Assigned task = Begin the copy at the line containing "4. Ficha de" in the data below and end it at the line containing "- 건성: 부스터 + 에센스 + 보습/탄력 세럼", keeping each line exact and leaving out pictures.

-------- Supplied data

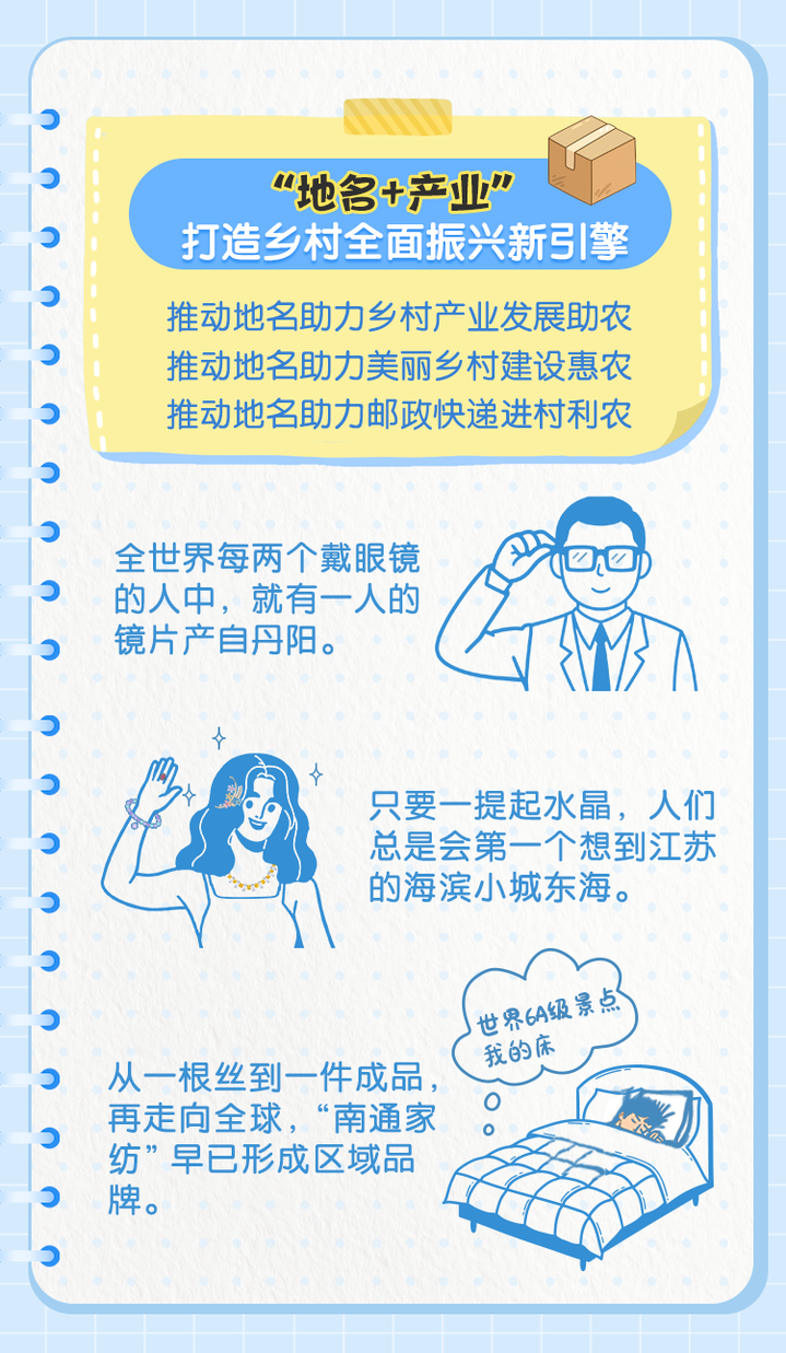 值得关注的是,《通知》继续向纵深发力,推进乡村地名与邮政快递深度融合,助力乡村全面振兴。有了名字,才能够让“快递进村”“山货进城”;有了名字,才能让游客精准定位,链起产业;深挖名字,才能产出更多附加值,发展经济,“名利双收”。
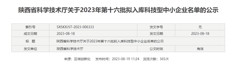 根据《科技型中小企业评价办法》有关要求,现将陕西省2023年第十六批852家拟入库科技型中小企业名单予以公示,公示10个工作日,即2023年8月21日-9月1日。
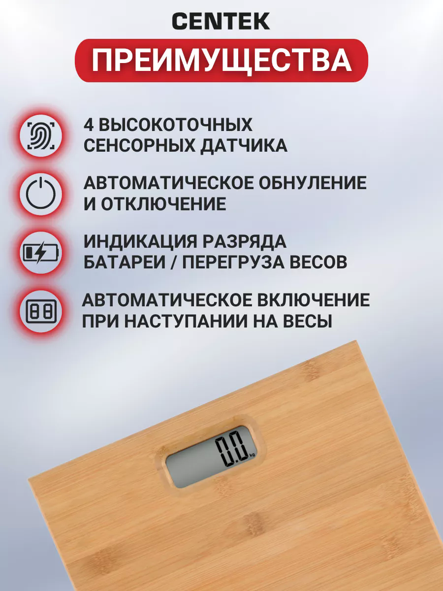 Весы Centek – удобные и надежные весы для тех, кто тщательно следит за своим весом. Платформа из натурального бамбука прочная, красивая и приятная на ощупь. Размер платформы 28х28 см. Высокая точность замеров обусловлена 4 сенсорными датчиками. Результаты замеров отображаются на большом удобном LCD-дисплее размером 65х28 мм. Автоматическое включение и выключение, индикаторы разряда батареи и перегруза весов. Батарея 2×1,5 В ААА (в комплекте). Грузоподъемность до 180 кг.
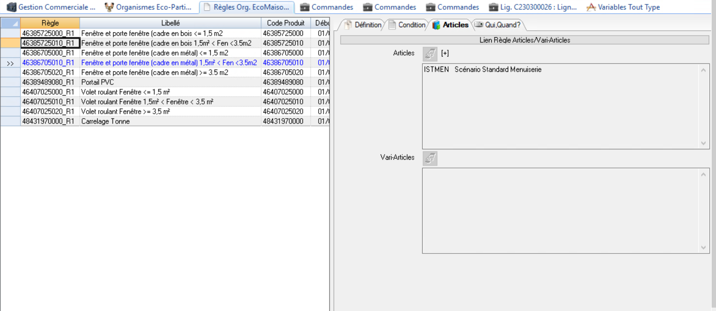 Les règles affectées aux vari-articles seront testées dans le cas de découpe de ligne de commande commerciale.
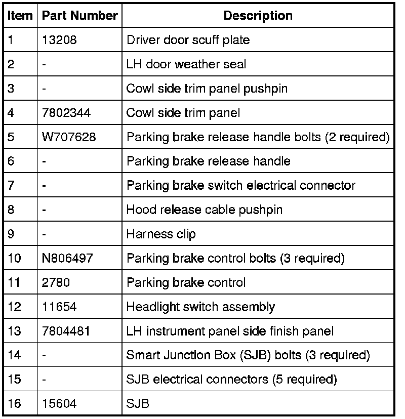 9. NOTE: Rotating the parking brake control counterclockwise allows enough access to clear the instrument panel reinforcement.
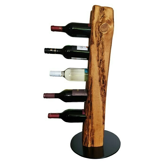 Dieser aus Massivholz in deutscher Handarbeit künstlich auf alt gestylte Weinständer, welcher sich nahtlos in jede Einrichtung einfügt, ist, aufgrund seiner ihm verliehenen Struktur, ein Unikat. Er eignet sich ideal als Geschenk für jeden Weinliebhaber oder für die perfekte Präsentation Ihres guten Weines. Die unterschiedlichen Narben, Risse und Einkerbungen verleihen dem Weinregal seine individuelle Note mit eigenem Charme und Charakter. Dieser Weinhalter weist eine Höhe von 78 cm und einen Durchmesser von 30 cm auf. Er bietet Platz für bis zu 5 Weinflaschen bei stabilem Stand auf einer runden, schwarz lackierten Stahlplatte; die Flaschenhalterungen sind für Flaschen bis zu 80 mm Durchmesser (handelsübliche 0,75 l Flaschen) vorgesehen und bieten zudem mit ca. 8 cm Bohrtiefe einen stabilen Halt.
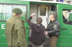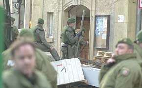 Heute morgen um 8.30 Uhr drangen vermummte und schwer bewaffnete Personen in das Haus ein - wie sich herausstellte ein Sondereinsatzkommando (SEK) der Polizei. Zeitgleich wurden hierfür unter Einsatz von Kettensägen und "Rammböcken" ein Dachfenster und die Eingangstüren aufgebrochen, die dann als Zugang für die Polizei dienten.
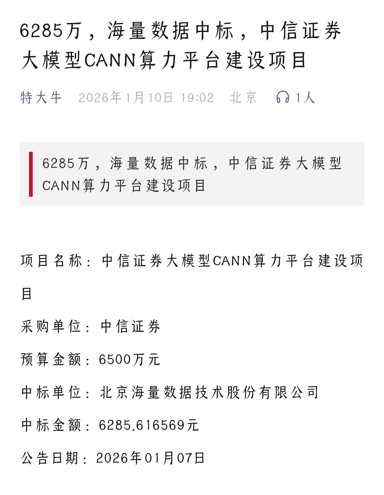 这次中标中信证券的大模型算力项目是海量数据的重大突破!!!证实海量数据在国产数据库、AI大模型、向量数据库等方面的核心实力!!!$中信证券(SH600030)$$星环科技-U(SH688031)$$海量数据(SH603138)$
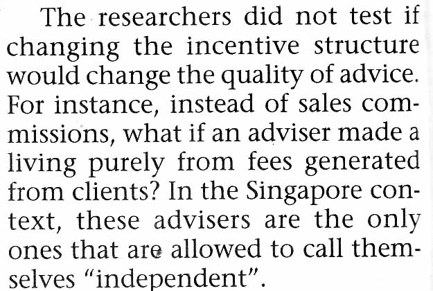However, he gave the impression that a financial adviser can use the term ‘independent’ if he charges only a fee (and not commission) for the service or advice rendered. That is wrong!
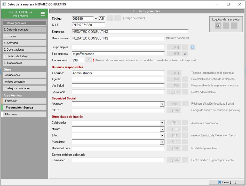 4. Ficha de datos de la empresa en prevención técnica
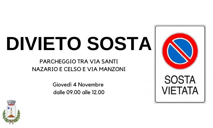 Il giorno 04 Novembre 2021 dalle ore 09.00 alle ore 12.00 in occazione della ricorrenza del IV Novembre e lìintitolazione "Largo Milite Ignoto" sarà vietata la sosta nel parcheggio posto tra la Via Santi Nazario e Celso e la Via Manzoni
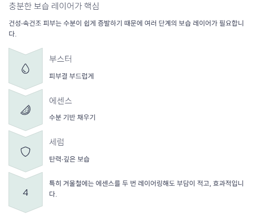 - 건성: 부스터 + 에센스 + 보습/탄력 세럼
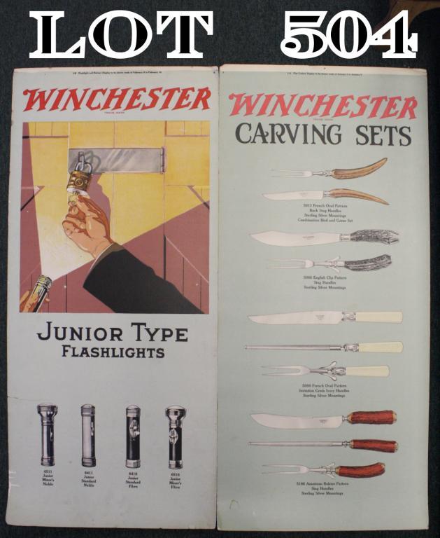 Original Winchester large color cardboard advertising panels, each approx. 40” X 18” and each presenting two-sided ads. The first panel has “Junior Type Flashlights” pictured along with a demonstration of how the lightscan help opening a lock at night; on the reverse of this panel is an ad for Winchester screw drivers. This ad panel is overall good on the flashlight side and fair on the screw driver side with some losses and a tear onone side of the bottom quarter of the panel; the second panel advertises Winchester Carving Sets on one side and is in overall very good condition; the other side is a portion of a five-part panel advertisingWinchester adjustable wrenches. The two best panel sides (Flashlights and Carving Sets) would look great framed and hanging in the gunroom of a serious Winchester collector. Est.: $150-$300.
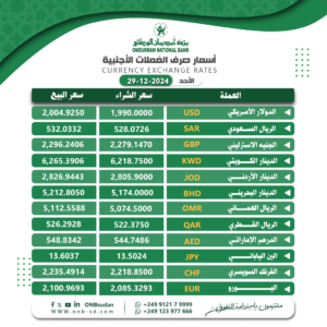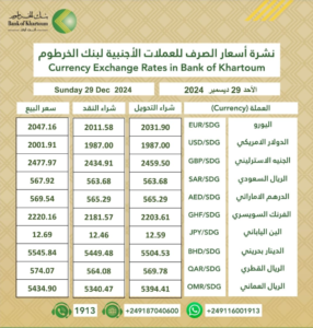 اقتصاد ـ شبكة_الخبر ـ سجلت أسعار صرف العملات الأجنبية مقابل الجنيه السوداني في السوق السوداء ارتفاعاً ملحوظاً اليوم الأحد 29 ديسمبر 2024 في مستهل تعاملات الأسبوع.

----------------

Solution to the problem =
 4. Ficha de datos de la empresa en prevención técnica
 Il giorno 04 Novembre 2021 dalle ore 09.00 alle ore 12.00 in occazione della ricorrenza del IV Novembre e lìintitolazione "Largo Milite Ignoto" sarà vietata la sosta nel parcheggio posto tra la Via Santi Nazario e Celso e la Via Manzoni
 - 건성: 부스터 + 에센스 + 보습/탄력 세럼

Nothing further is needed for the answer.